Lynne Scott February 25, 2012 at 3:18 pm

I live in Ohio and have never seen or even heard of strawberry spinach–two things I love. Where can I purchase these plants??? They are pretty too!

Polly February 25, 2012 at 5:06 pm

Hi Lynne,
I have just sent you an email about strawberry spinach.
Here’s the link to buy seeds: http://www.jungleseeds.com/SeedShop/Sala…

Rolando March 15, 2012 at 10:46 am

Can I plant this in the tropics ?

Polly March 15, 2012 at 11:31 am

I’d make a try if the weather is not too hot

Karyn March 21, 2012 at 9:12 am

I don’t see this on the list of Ohio’s endangered plants….

Thanks for the tips though! I live in Ohio and just ordered some seeds to try growing some of these! How many seeds should I plant for each plant I want to grow? The packet comes with 50 seeds.
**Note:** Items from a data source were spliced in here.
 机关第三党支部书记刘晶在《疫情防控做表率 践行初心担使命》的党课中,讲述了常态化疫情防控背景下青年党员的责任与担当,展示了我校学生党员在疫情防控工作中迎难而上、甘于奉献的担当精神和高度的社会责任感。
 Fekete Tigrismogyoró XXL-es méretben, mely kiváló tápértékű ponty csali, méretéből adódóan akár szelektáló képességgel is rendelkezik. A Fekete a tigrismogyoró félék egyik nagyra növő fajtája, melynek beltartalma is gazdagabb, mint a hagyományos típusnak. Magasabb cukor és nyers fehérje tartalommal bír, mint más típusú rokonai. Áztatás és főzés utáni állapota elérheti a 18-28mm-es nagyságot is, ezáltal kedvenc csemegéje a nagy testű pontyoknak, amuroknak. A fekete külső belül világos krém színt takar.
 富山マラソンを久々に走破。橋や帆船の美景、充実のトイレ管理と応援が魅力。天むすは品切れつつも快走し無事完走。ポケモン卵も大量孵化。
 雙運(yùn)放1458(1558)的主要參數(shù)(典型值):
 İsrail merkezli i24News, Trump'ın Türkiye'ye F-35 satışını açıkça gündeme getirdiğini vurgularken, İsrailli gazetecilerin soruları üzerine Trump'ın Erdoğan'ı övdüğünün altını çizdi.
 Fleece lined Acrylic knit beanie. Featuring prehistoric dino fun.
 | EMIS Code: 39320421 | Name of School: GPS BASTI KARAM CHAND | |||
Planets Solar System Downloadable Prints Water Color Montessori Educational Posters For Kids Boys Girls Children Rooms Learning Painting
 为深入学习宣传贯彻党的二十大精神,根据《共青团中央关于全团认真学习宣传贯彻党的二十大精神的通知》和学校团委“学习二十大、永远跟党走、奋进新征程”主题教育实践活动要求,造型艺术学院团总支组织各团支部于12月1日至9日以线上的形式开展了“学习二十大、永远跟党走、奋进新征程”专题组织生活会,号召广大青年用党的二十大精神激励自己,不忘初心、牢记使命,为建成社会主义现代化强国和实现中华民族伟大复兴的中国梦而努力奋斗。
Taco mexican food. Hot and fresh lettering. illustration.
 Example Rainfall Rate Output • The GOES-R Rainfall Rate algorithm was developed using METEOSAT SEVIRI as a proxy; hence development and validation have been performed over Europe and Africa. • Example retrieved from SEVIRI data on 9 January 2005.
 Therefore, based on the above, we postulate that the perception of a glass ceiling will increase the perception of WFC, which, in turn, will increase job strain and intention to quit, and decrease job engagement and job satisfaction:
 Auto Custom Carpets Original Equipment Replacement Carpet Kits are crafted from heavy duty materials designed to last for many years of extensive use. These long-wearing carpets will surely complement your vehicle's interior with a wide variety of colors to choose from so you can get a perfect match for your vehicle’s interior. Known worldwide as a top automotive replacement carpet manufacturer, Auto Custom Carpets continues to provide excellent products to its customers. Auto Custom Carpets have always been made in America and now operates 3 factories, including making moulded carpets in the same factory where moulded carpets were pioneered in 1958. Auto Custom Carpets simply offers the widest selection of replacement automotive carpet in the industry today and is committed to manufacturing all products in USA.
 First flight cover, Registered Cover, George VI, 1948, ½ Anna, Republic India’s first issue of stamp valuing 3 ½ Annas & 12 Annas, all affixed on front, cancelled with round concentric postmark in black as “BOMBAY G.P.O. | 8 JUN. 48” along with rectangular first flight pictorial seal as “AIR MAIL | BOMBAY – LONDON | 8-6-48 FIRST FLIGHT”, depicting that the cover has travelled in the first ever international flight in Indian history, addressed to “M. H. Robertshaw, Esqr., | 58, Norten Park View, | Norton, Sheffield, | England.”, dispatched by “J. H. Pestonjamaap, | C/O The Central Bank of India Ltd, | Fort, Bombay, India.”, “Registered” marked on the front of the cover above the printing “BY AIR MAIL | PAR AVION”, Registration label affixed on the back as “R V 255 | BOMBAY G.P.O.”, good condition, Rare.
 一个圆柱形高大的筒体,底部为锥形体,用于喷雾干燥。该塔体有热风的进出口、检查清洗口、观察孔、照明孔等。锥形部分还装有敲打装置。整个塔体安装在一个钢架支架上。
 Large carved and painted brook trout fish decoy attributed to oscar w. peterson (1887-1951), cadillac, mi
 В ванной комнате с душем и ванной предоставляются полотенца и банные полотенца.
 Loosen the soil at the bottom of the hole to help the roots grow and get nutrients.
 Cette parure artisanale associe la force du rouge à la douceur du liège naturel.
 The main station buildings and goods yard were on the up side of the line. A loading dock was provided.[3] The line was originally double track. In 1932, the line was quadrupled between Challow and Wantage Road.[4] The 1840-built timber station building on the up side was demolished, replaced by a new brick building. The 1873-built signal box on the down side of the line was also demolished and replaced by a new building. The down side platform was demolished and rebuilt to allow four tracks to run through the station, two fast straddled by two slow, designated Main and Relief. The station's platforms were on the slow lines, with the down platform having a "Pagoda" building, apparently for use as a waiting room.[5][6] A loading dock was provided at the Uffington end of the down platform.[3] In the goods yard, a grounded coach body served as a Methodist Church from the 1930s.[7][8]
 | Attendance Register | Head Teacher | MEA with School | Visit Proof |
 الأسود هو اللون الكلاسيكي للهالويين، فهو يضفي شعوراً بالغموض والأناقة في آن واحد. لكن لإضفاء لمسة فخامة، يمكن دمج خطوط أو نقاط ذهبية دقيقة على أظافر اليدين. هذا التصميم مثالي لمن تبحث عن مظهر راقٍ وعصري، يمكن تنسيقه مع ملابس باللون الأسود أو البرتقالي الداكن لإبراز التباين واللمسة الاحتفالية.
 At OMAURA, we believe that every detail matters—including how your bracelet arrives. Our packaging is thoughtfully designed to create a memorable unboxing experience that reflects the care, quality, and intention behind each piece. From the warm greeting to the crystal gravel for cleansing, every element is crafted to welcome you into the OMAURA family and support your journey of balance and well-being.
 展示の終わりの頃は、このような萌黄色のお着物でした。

Lynn March 30, 2012 at 9:42 am

I have grown these plants from seed they are about 3 inch at the minute i planted them out last week under cloches. Our climate in nw england has been very mild this year will see how they go and let you know

marilyn April 18, 2012 at 1:58 pm

im so excited!! i live in victoria BC and just planted some seeds, IM STOKED!
great article, it just got me sooo excited for this plant, i LOVE herbs and organic gardening, this plant is going to be a total treat!

Margaret Chang May 3, 2012 at 1:31 pm

I live in the southwest dessert. Will they grow here in the summer with enough water and some afternoon shade? Or shall I wait to plant them in the fall? Thank you.

Polly May 11, 2012 at 9:23 am

I’d give it a try, but don’t wait for too long.